2) Tips on Using Syntax
  • Pressing F1 when the cursor is over some syntax will bring up the syntax help for that command. It's important to learn to read these syntax help templates.
  • Using the menus to set up a command then pressing "Paste" is an excellent way to learn syntax. This can often be used to set up the basic syntax and then you can alter the variables used or various attribute values to suit your purposes.
  • Single-line comments can be added by placing a "*" at the start of the line and a "." at the end of the line.
  • There are several ways to run syntax (by line, the whole file, the selection). Highlighting the syntax you want to run and pressing run is generally the best option.
  • Control + A will highlight all of the syntax in a file; Control + R will run the highlighted syntax or where no syntax is highlighted, it will run the current command.
  • Since version 17, the syntax editor has improved substantially. It now has colour coding, auto-completion, consistent use of a mono-spaced font, an error-pane, and a navigation pane.
  • Save your syntax files.
3) Common Syntax Errors
  • Common errors include:

    • Leaving off the period (".") at the end of a command
    • Just pressing run instead of highlighting the syntax that you want to run.
    • Leaving out or not highlighting the command "EXECUTE." when performing transformations and certain other data manipulations.
    • Incorrectly writing variable names: this includes typos, putting spaces where there should not be

  • Tips on debugging syntax

    • Error messages are displayed in the Output window; Read them
    • Delete all messages in the output window before running syntax. This makes it easier to determine which error messages apply to your most recently run syntax.
    • Run the syntax one line at a time. This helps to show which part of the syntax is causing problems.

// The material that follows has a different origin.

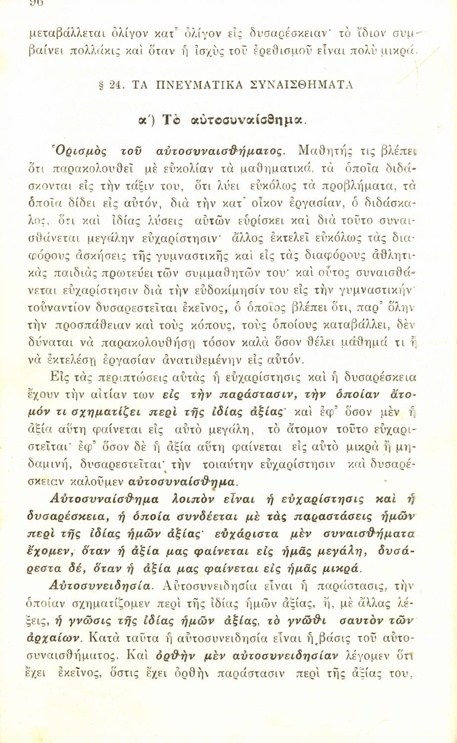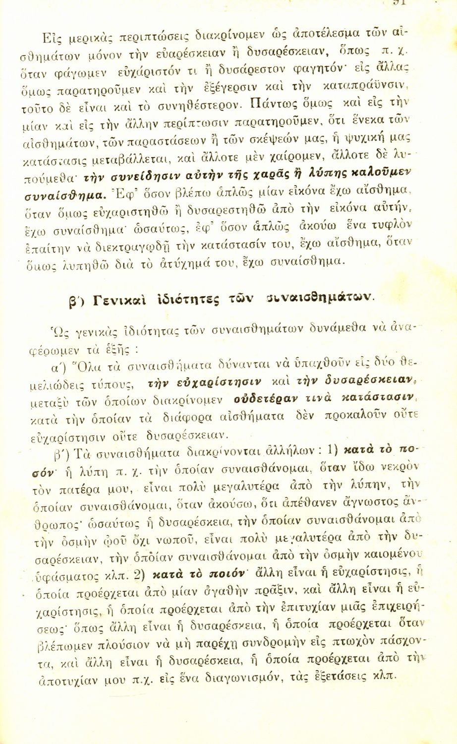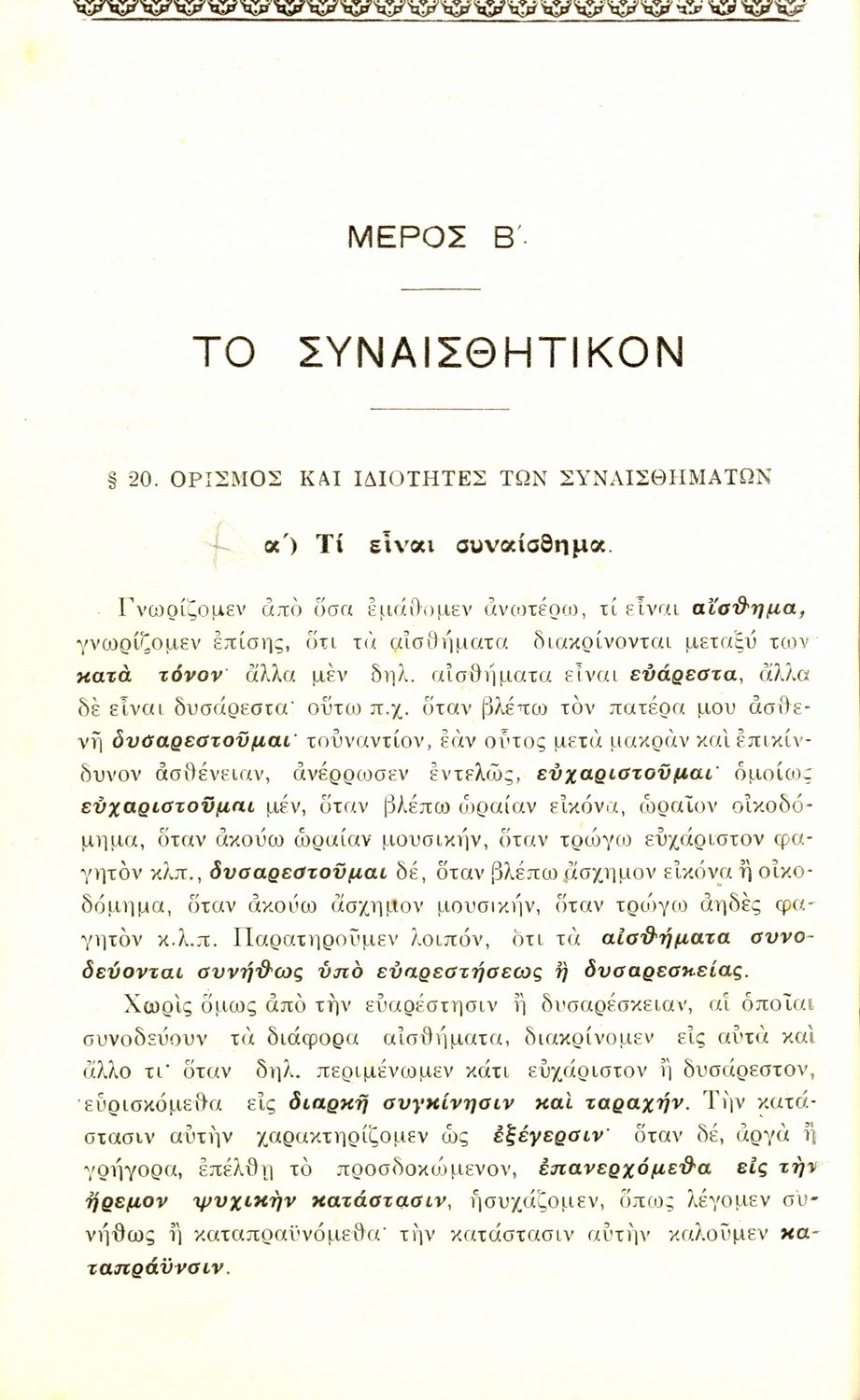 Σχολικό εγχειρίδιο Πειραματικής Ψυχολογίας για τη Γ΄ Γυμνασίου χωρισμένο σε τρία τμήματα: το παριστάναι, το συναισθάνεσθαι, και το βούλεσθαι.

  • Raynald offers further tips for debugging SPSS syntax.
4) Tips on Organising Syntax
There are many ways to organise SPSS syntax. This is my advice on one way to get researchers new to syntax started.
  • Have at least three syntax files: 

    • 1) Data input, metadata, and permanent manipulation: This would typically include a data import command, metadata commands such as (value labels and missing), and commands for transforming the data (e.g., compute, if, do repeat, recode, etc.).
    • 2) Analyses and temporary manipulation: In a typical example this would include all the syntax for generating your descriptive statistics, correlations, regressions, and graphs.
    • 3) Temporary: analyses that are not retained. For example, if you try out a number of analyses in the process of finding the right one, you might choose to file the analyses that you do not retain in a temporary file.
    • The rationale for this separation is as follows. Data input and permanent manipulations need to be done correctly. Having these in one place allows for easy auditing of accuracy by yourself or others. Analyses depend on the data but should not alter the data. Thus, analyses logically need to be run after input and permanent manipulations have been performed.
    • I define temporary manipulations as manipulations to the data used for a specific analysis. Examples of temporary manipulations include filtering cases for a particular analysis, creating a log transformed version of a variable for a single analysis, and so on. It seems effective to place these just before the particular analysis. This should make analyses clearer.

  • Regularly use comments in a line or two above syntax to document your decisions.
  • Use white space strategically. Sets of commands that can be logically grouped together can be written with no line between. When a new set starts, one or two lines can be placed in between.
  • While SPSS syntax is NOT case sensitive, code can be easier to read if you follow the convention of writing commands in CAPITALS and variable names in lower case.
  • Thus, the aim is to keep your syntax as a record of what you have done. Writing and organising syntax is a skill like writing standard prose. It has its own conventions. Clear writing facilitates clear communication.
5) Additional Resources
6) Final Note
  • If you are a researcher who only uses SPSS and you are getting good at SPSS syntax and want to move up to the next level of control, you may want to check out R.